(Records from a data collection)
+++

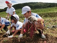大きなさつまいもがいくつもできていて、収穫をよろこぶ子どもたちの様子がみられました。
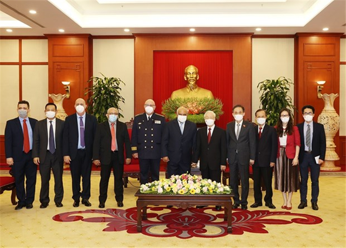 Đại sứ Orlando Nicolás Hernández Guillén báo cáo khái quát về tình hình Cuba, về một số kết đạt được trong triển khai Nghị quyết của Đại hội VIII của Đảng Cộng sản Cuba tháng 4/2021 vừa qua; cho biết Cuba đang nỗ lực hoàn thành mục tiêu tiêm chủng cho toàn dân trong năm 2021 và từng bước triển khai chiến lược phát triển kinh tế giai đoạn hậu Covid-19. Tổng Bí thư Nguyễn Phú Trọng chân thành cảm ơn Đảng, Nhà nước và nhân dân Cuba anh em, tình cảm của lãnh tụ Raul và các đồng chí lãnh đạo Cuba, dù còn gặp nhiều khó khăn nhưng vẫn luôn sẵn sàng chia sẻ, giúp đỡ Việt Nam, đặc biệt là hợp tác về vaccine ngừa COVID-19 như tinh thần của lãnh tụ Fidel Castro trước đây “Vì Việt Nam, Cuba sẵn sàng hiến dâng cả máu của mình”; hợp tác, ủng hộ lẫn nhau tại các diễn đàn quốc tế; tin tưởng dưới sự lãnh đạo của Đảng Cộng sản Cuba quang vinh, nhân dân Cuba sẽ vượt qua mọi khó khăn, thử thách, thực hiện thành công các mục tiêu, đường lối cho Đại hội VIII đề ra, xây dựng đất nước Cuba xã hội chủ nghĩa phồn vinh và bền vững.
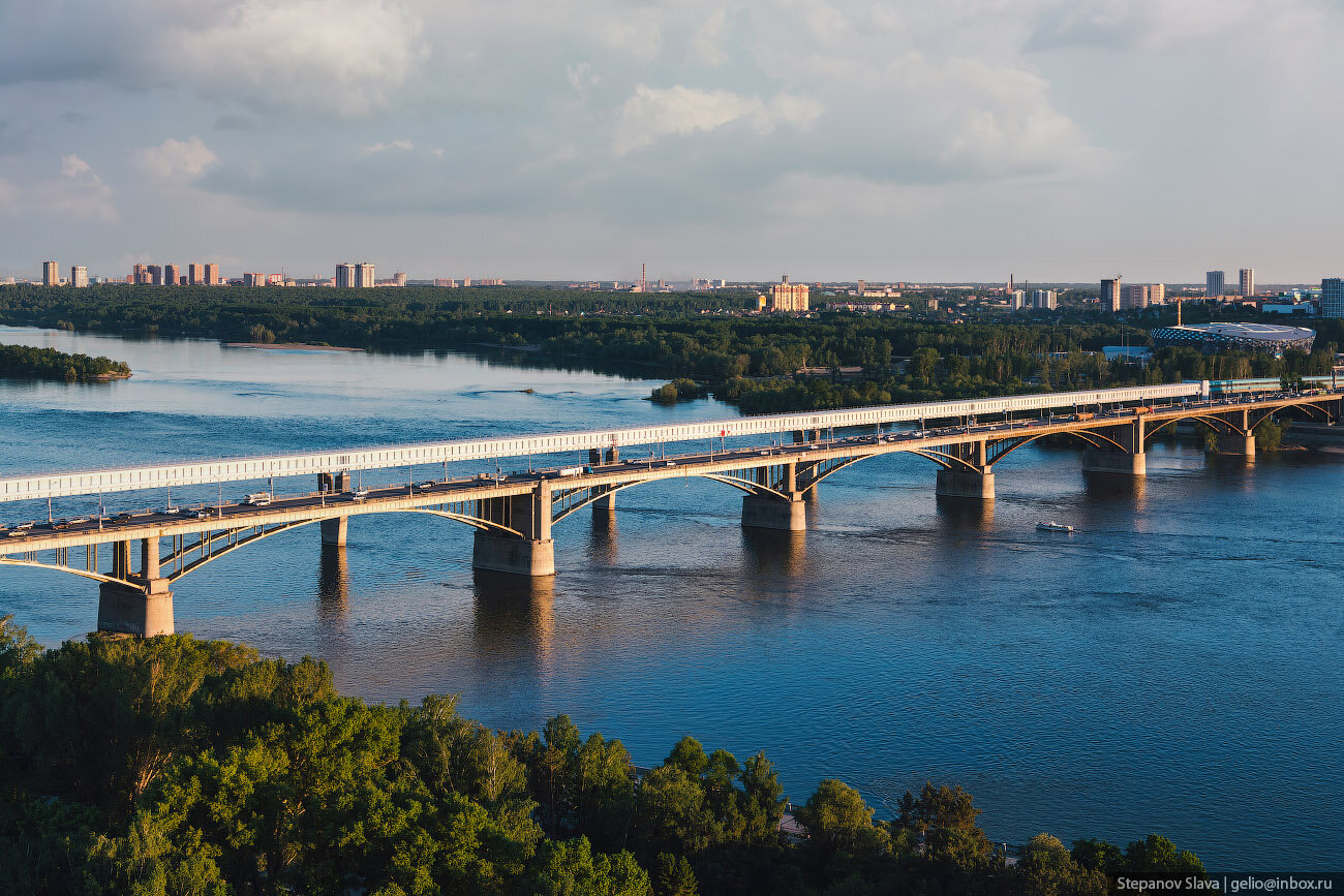 25. Октябрьский (Коммунальный) мост и метромост. Коммунальный мост был первым постоянным автомобильным мостом через Обь. Именно под этим мостом в 1965 году в метре от воды пролетел на самолёте МиГ-17 лётчик-ас Валентин Привалов. Такой пилотаж повторяют только в компьютерных играх — например, в GTA. Метромост в Новосибирске — самый длинный крытый метромост в мире. Его длина — более 2 км.
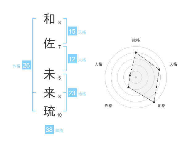 和佐 未来琉さんの総格は38画の4点!
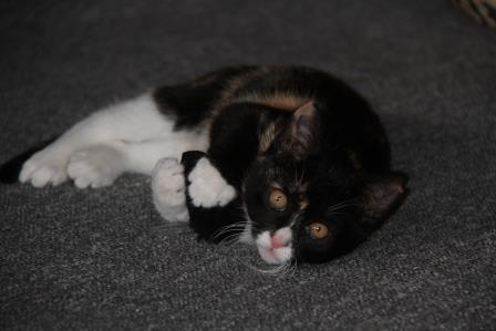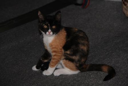 Our new kitten has really settled in well, and is not afraid of the other 6 cats. In fact, they seem more afraid of her!
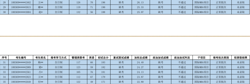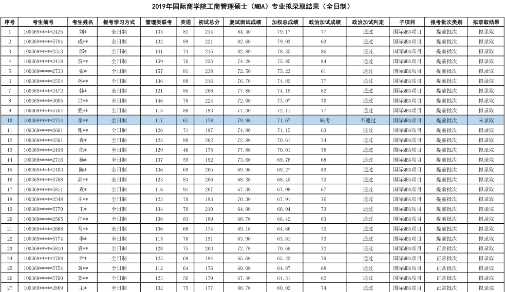 2019年对外经济贸易大学工商管理硕士(MBA全日制)专业研究生拟录取名单
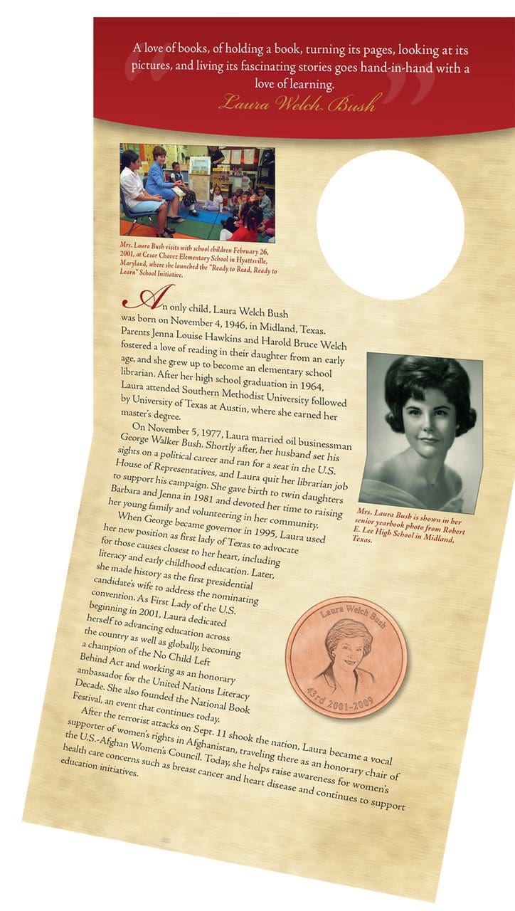 The Laura Bush commemorative copper coin collection is a great way to honor the first lady of George W. Bush. This collection commemorates the first lady during her husband’s term in office as the 43rd President of the United States. The First Lady Collections are full color and are a great way to collect the commemorative coins along with fascinating art and historical information.
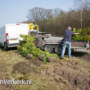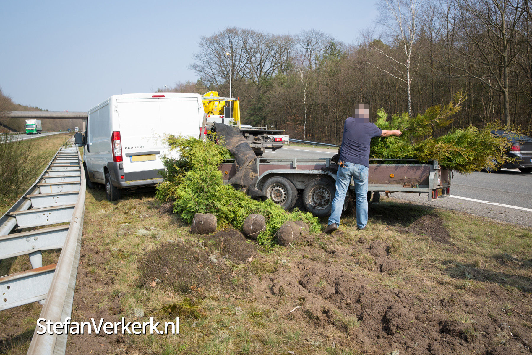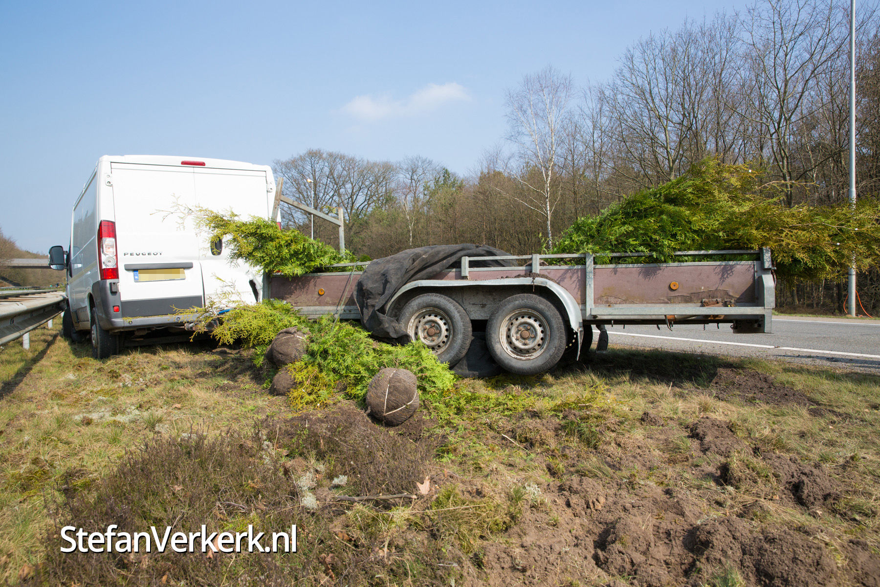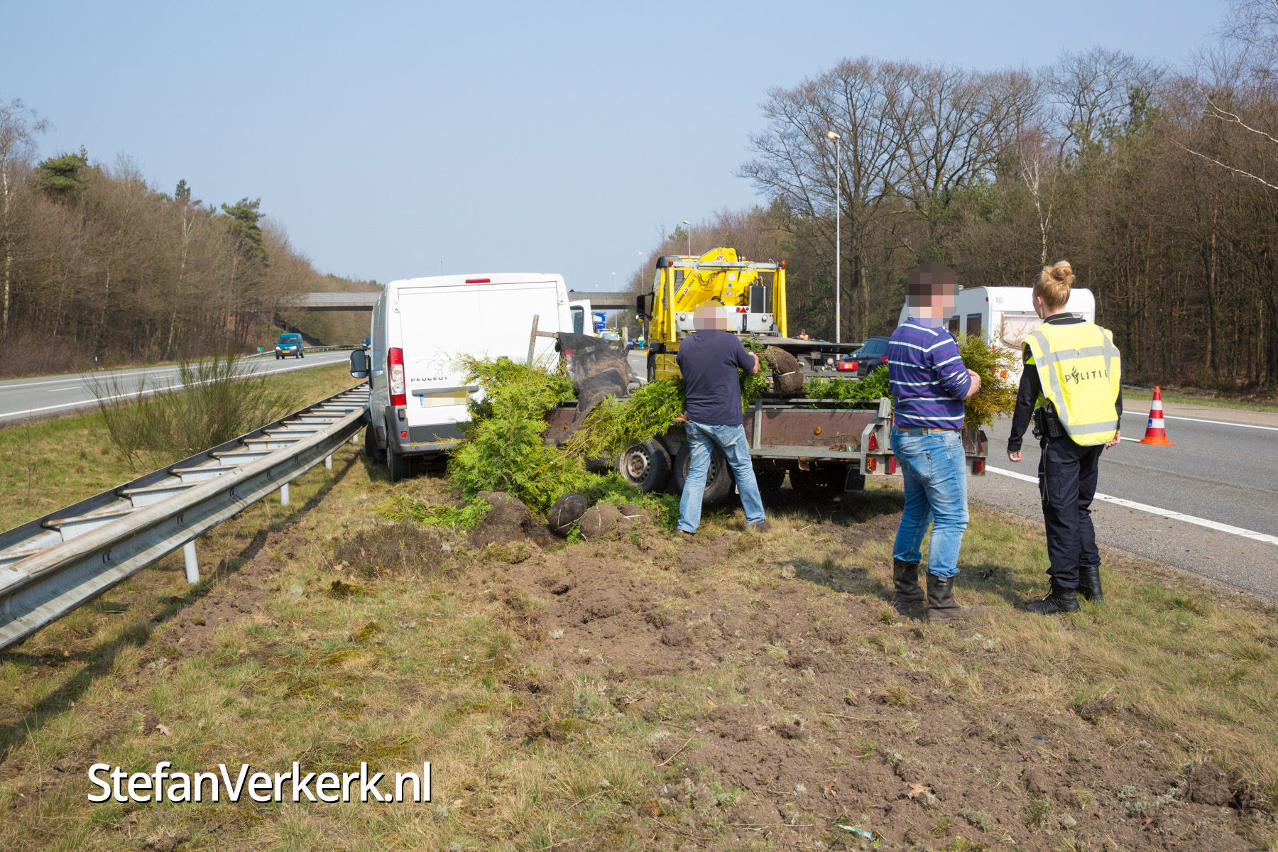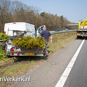 Foto's: Aanhanger met coniferen geschaard A50 Heerde

+++

◆ **What you need to do**:
What should be set down is every line from the opening of the records through the line that contains "2019年对外经济贸易大学工商管理硕士(MBA全日制)专业研究生拟录取名单", exactly, with pictures left out.

◆ **The completed task**:
大きなさつまいもがいくつもできていて、収穫をよろこぶ子どもたちの様子がみられました。
 Đại sứ Orlando Nicolás Hernández Guillén báo cáo khái quát về tình hình Cuba, về một số kết đạt được trong triển khai Nghị quyết của Đại hội VIII của Đảng Cộng sản Cuba tháng 4/2021 vừa qua; cho biết Cuba đang nỗ lực hoàn thành mục tiêu tiêm chủng cho toàn dân trong năm 2021 và từng bước triển khai chiến lược phát triển kinh tế giai đoạn hậu Covid-19. Tổng Bí thư Nguyễn Phú Trọng chân thành cảm ơn Đảng, Nhà nước và nhân dân Cuba anh em, tình cảm của lãnh tụ Raul và các đồng chí lãnh đạo Cuba, dù còn gặp nhiều khó khăn nhưng vẫn luôn sẵn sàng chia sẻ, giúp đỡ Việt Nam, đặc biệt là hợp tác về vaccine ngừa COVID-19 như tinh thần của lãnh tụ Fidel Castro trước đây “Vì Việt Nam, Cuba sẵn sàng hiến dâng cả máu của mình”; hợp tác, ủng hộ lẫn nhau tại các diễn đàn quốc tế; tin tưởng dưới sự lãnh đạo của Đảng Cộng sản Cuba quang vinh, nhân dân Cuba sẽ vượt qua mọi khó khăn, thử thách, thực hiện thành công các mục tiêu, đường lối cho Đại hội VIII đề ra, xây dựng đất nước Cuba xã hội chủ nghĩa phồn vinh và bền vững.
 25. Октябрьский (Коммунальный) мост и метромост. Коммунальный мост был первым постоянным автомобильным мостом через Обь. Именно под этим мостом в 1965 году в метре от воды пролетел на самолёте МиГ-17 лётчик-ас Валентин Привалов. Такой пилотаж повторяют только в компьютерных играх — например, в GTA. Метромост в Новосибирске — самый длинный крытый метромост в мире. Его длина — более 2 км.
 和佐 未来琉さんの総格は38画の4点!
 Our new kitten has really settled in well, and is not afraid of the other 6 cats. In fact, they seem more afraid of her!
 2019年对外经济贸易大学工商管理硕士(MBA全日制)专业研究生拟录取名单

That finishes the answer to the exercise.